The lucky Court of Appeals panel that gets this one won’t be going at it cold. In the MCS’s remand order, several of the justices shared some of their thoughts about the matter.
Michigan Supreme Court Chief Justice Marilyn Kelly, concurring in the order that sent the case back to the Court of Appeals, opined that the trial court may have gotten right in the first place.
“The felony charge against defendant is premised on the fact that he failed to register a new residence. SORA defines residence as ‘that place at which a person habitually sleeps, keeps his or her personal effects, and has a regular place of lodging.’ It does not appear that the defendant had a new residence to register once the VOA required him to leave the shelter. Underpasses and park benches may be the places where defendant ‘habitually sleeps’ but they hardly qualify as a ‘regular place of lodging’ under the statute.”
Justice Diane M. Hathaway, dissenting, wrote that she wouldn’t even give the prosecutor another crack at it in the Court of Appeals because “the prosecutor failed to present sufficient evidence to bind defendant over for trial on the charges.”
Justice Robert P. Young Jr., dissenting, joined by Justices Maura D. Corrigan and Stephen J. Markman, saw things differently.
“Certainly, there was nothing preventing defendant from complying with the reporting requirements of MCL 28.725a(3) and (4) and informing law enforcement of his current living arrangements. It is undisputed that defendant had not reported to any police agency since 2003. Contrary to Chief Justice Kelly and Justice Hathaway’s contentions, there is nothing ‘absurd’ about the state’s requirement that persons convicted of sexual crimes periodically inform the police of their living arrangements, even if they are homeless. …

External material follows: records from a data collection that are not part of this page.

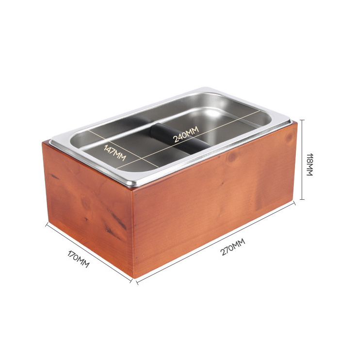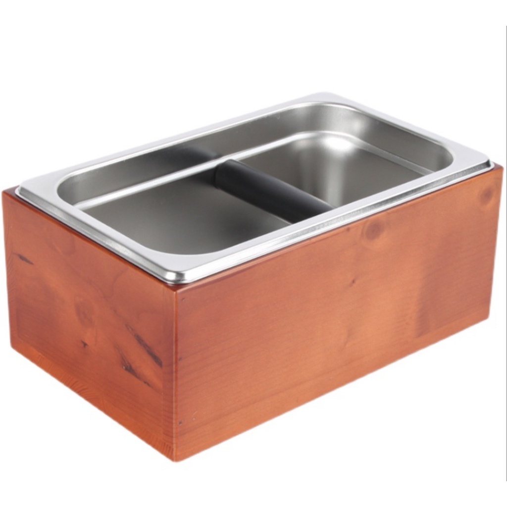 ถังเคาะกากกาแฟ อุปกรณ์กาแฟกล่องเคาะกากกาแฟสแตนเลสกล่องไม้แท้
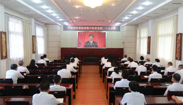大理白族自治州紀委監委組織紀檢監察干部收看黨的二十大開幕會。
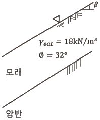 78. 그림과 같이 c=0인 모래로 이루어진 무한사면이 안정을 유지(안전율≥1)하기 위한 경사각(β)의 크기로 옳은 것은? (단, 물의 단위중량은 9.81kN/m3이다.)
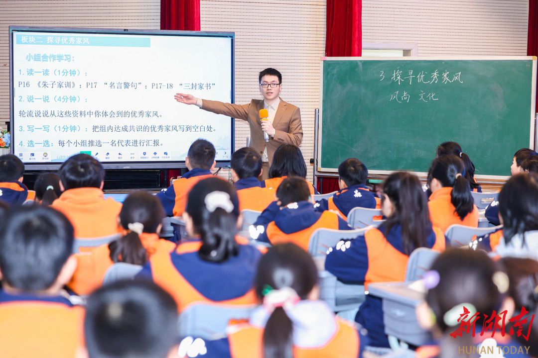 语文课堂诗意流淌,任律坤老师在古诗教学中渗透色彩美育,廖敏老师带领学生在《荷花》的诵读中感受荷塘清新之美,王艳老师深挖人物形象让文字有了温度。数学课堂智美共生,石琳老师借《指针的奥秘》让学生感悟计时工具的设计之美,刘奕麟老师结合建筑艺术探究三角形稳定性,吴接官老师以找次品培养学生推理与优化思维。英语与道法课堂特色鲜明,罗文婷老师借助AI赋能让美育融入语言学习,廖幸老师带领学生探寻家训家规,体悟家风中的传统美德之美。

“While defendant’s homelessness may have provided unusual problems in proving his residence, the statute expressly contemplates atypical living arrangements, permitting the State Police to specify other satisfactory means of proving proof of domicile or residence. …
“Contrary to Justice Kelly’s assertion, my interpretation of the statute does not ‘create a Catch-22 situation.’ A defendant is required to report in person to the local police and notify the police of his residence or domicile, wherever that may be. … I see nothing in SORA that authorizes the state to penalize a defendant merely for being homeless; rather, the statute penalizes the defendant’s failure to report his residence or domicile with law enforcement.”